Торжественное открытие, речи, цветы, свечи… Затем на расстеленных прямо на траве парашютных чехлах поминали ребят. Всё это время я явственно близко чувствовал Хенка, со вчерашнего дня незримо присутствовавшего рядом со мной. Попытался что-то такое вслух выразить в своём поминальном тосте… Но, похоже, не смог – сбился и явно остался непонятым…

Я по-мужски люблю Хенка – как живого, и по сей день. Он словно и сегодня живёт во мне. Или, быть может, частица меня умерла вместе с ним?

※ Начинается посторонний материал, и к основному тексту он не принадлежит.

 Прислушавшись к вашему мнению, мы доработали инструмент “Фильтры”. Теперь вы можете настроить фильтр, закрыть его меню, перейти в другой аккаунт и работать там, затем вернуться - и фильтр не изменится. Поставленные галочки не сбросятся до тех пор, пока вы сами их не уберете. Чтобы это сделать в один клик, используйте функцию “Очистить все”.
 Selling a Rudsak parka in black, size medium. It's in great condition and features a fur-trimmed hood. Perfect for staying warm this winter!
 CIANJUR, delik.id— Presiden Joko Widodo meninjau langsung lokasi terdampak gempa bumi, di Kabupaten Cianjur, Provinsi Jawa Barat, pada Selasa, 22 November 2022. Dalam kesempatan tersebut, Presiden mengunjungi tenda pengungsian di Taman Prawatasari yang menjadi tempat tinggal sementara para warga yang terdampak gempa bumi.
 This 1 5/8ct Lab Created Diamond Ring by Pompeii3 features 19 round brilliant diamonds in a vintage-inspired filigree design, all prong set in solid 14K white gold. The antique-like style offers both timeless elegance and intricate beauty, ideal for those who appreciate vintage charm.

Мы подружились курсантами. Он был старше на один курс, а по возрасту – на три с половиной года. До поступления в военное училище в 1976 году жил в маленьком посёлочке имени Цюрупы Воскресенского района Московской области («моя родная Цюрупка», как он ласково называл свой родимый уголок). Это место находится совсем недалеко от моего родного города Жуковский – центра разработки и создания нашей отечественной авиации. И судьба Николая складывалась сообразно этому.

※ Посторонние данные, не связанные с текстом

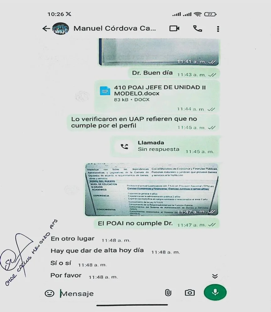 Para confirmar su versión y descargar toda responsabilidad, Mendoza también presentó capturas de pantalla de las conversaciones de WhatsApp que mantuvo con Córdova. En estas se observa que Mendoza le informa al Secretario General que Salazar no cumplía con el perfil profesional para ser jefe de unidad.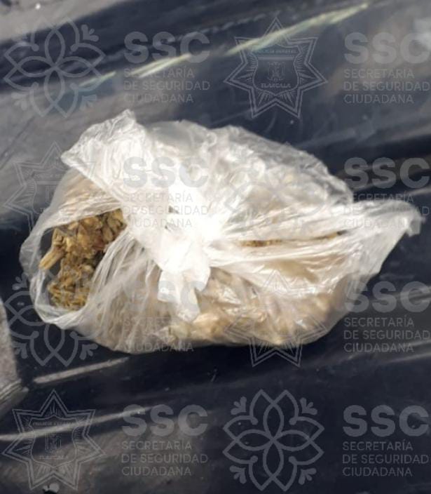Se procedió a inquirir al sujeto y al realizarle una inspección preventiva se localizó entre sus pertenencias un envoltorio con hierba seca con características similares a la droga conocida como marihuana.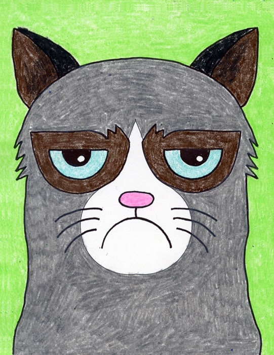 Easy How to Draw Grumpy Cat Tutorial, Grumpy Cat Coloring Page

Поступил в Жуковский авиационный техникум, отрабатывал практику «на территории» – этим выражением собирательно именовали испытательный аэродром и все к нему прилегавшие многочисленные ЛИСы, экспедиции, научные, технические подразделения аэроузла внутри охраняемого периметра. Намертво влюбился в авиацию и стал одержим одной мечтой, без вариантов: стать лётчиком-испытателем!

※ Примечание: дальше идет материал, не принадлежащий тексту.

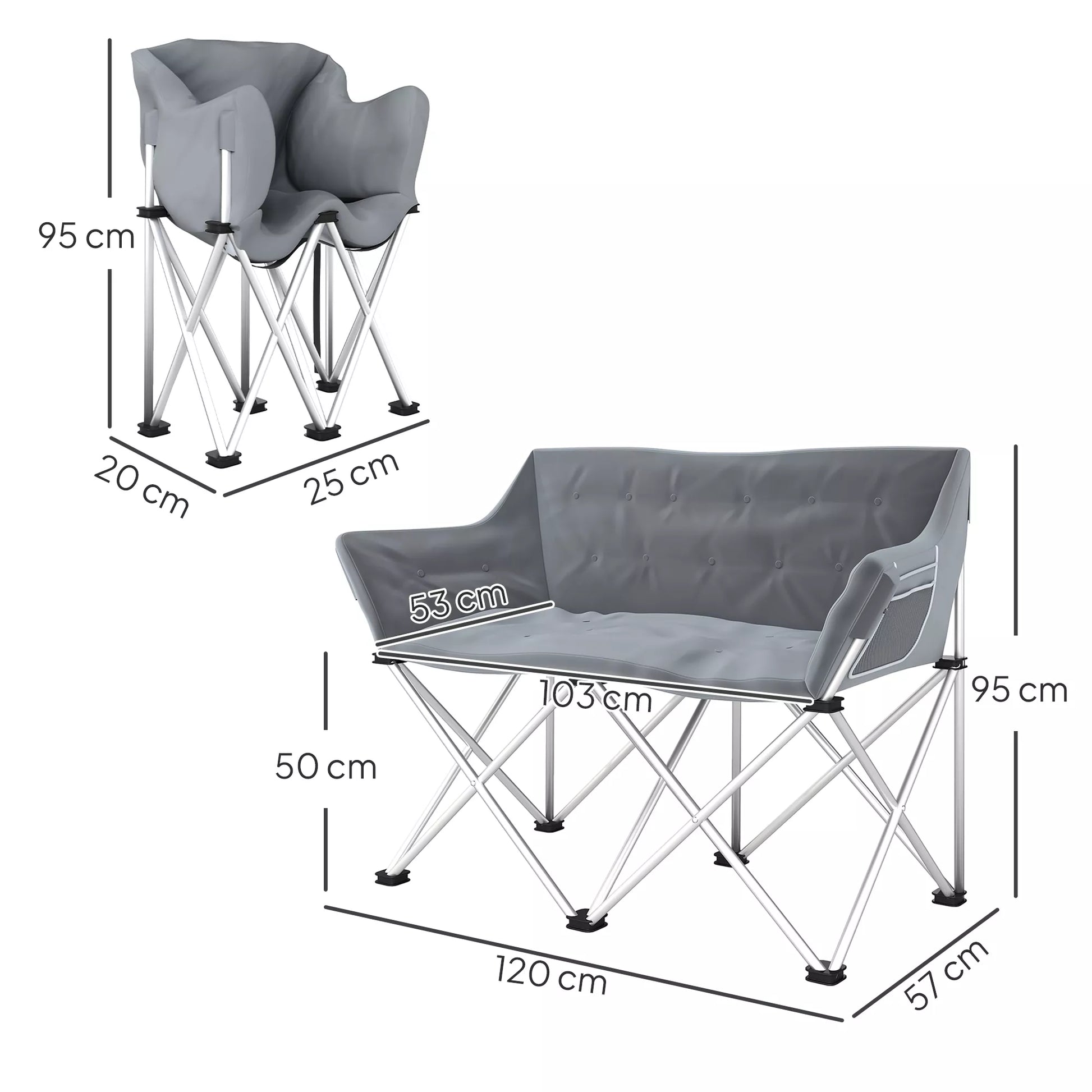 Sulankstoma 2 vietų kempingo kėdė su porankiais, šonine kišene, atlaiko iki 240 kg, pilka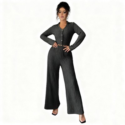 Women's 2-Piece Set Casual V-Neck Long Sleeve Crop Top And Long Pants Outfit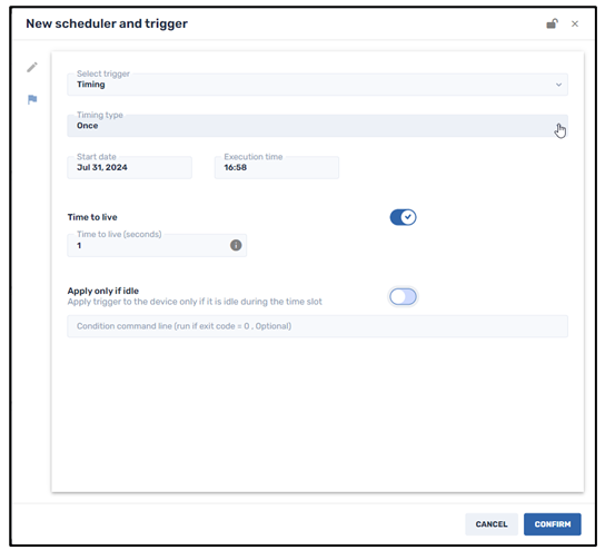 - Time to Live option In case the device is not accessible at the defined time, the Time to Live option is how long the command will be executed, after the assigned time. After that time, the trigger is irrelevant and no longer applies.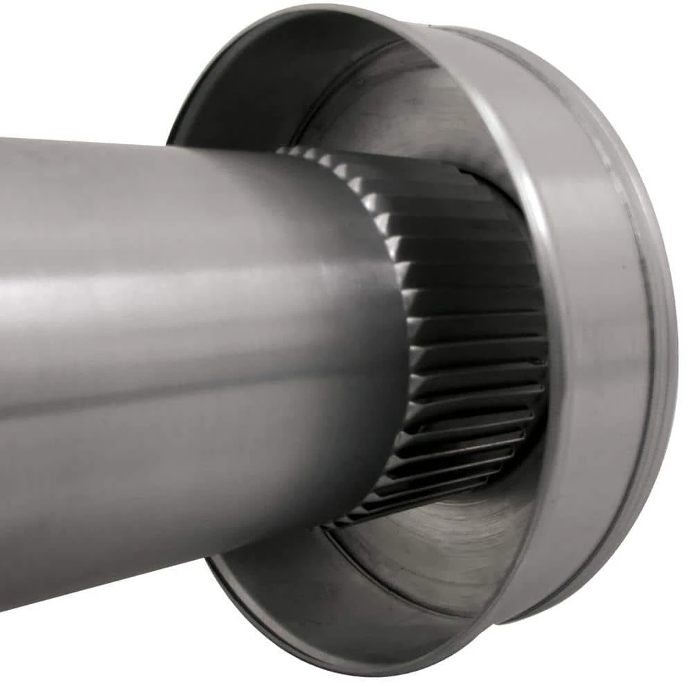The Round Back Roof Jack is used for ventilating bathroom fans or other duct applications. In addition, the round design is aerodynamic to withstand wind speeds up to 200 mph. It allows for maximum air to flow while alleviating back pressure. The Round Back Roof Jack is engineered to stop insects and wildlife from entering the duct. It is also designed to prevent rain or snow from entering. These vents have an all-aluminum construction. To clarify, this means they are durable, lightweight, and will not rust. The Roof Jack’s tail pipe is approximately 2 inches long and is corrugated at the bottom to fit existing duct work. This allows for a quick and easy installation. The RBV-3-C4-TP is the Round Back Roof Jack with a 3 inch inner diameter and 4 inch tall collar. In addition, it also has a 2 inch tailpipe that can be used for duct ventilation. It is mainly used to ventilating bathroom fans and range hoods.

Как-то раз мы, курсантами, втроём с Хенком и Игорем Гудковым, не рассчитав по молодости своих незрелых сил, придя из увольнения, явили свой не совсем трезвый вид пред ликом дежурного по батальону курсантов офицера. Последовавшая же на следующий день из уст высоких командиров в папахах строгая выволочка нас троих-повинных пред строем курсантов на плацу, одного лишь Хенка не смогла заставить сдержать широкую улыбку – потому как при нашей коллективной «порке» в его персональный адрес прозвучал страшно польстивший ему-одному упрёк:

– Ну что, Чуркин, и ты напился с испытателями?!…

Да, мы с Гудком – потомственные лётчики-испытатели. Его отец, Иван Семёнович Гудков, был военным лётчиком-испытателем НИИ ВВС. Он погиб 6 февраля 1970 года в Туркмении, на авиабазе «Мары», где в тот момент готовилась группа военных лётчиков для участия в Арабо-Израильской войне. Его последним заданием стала отработка на спарке МиГ-21 сложных маневров воздушного боя на предельно малой высоте.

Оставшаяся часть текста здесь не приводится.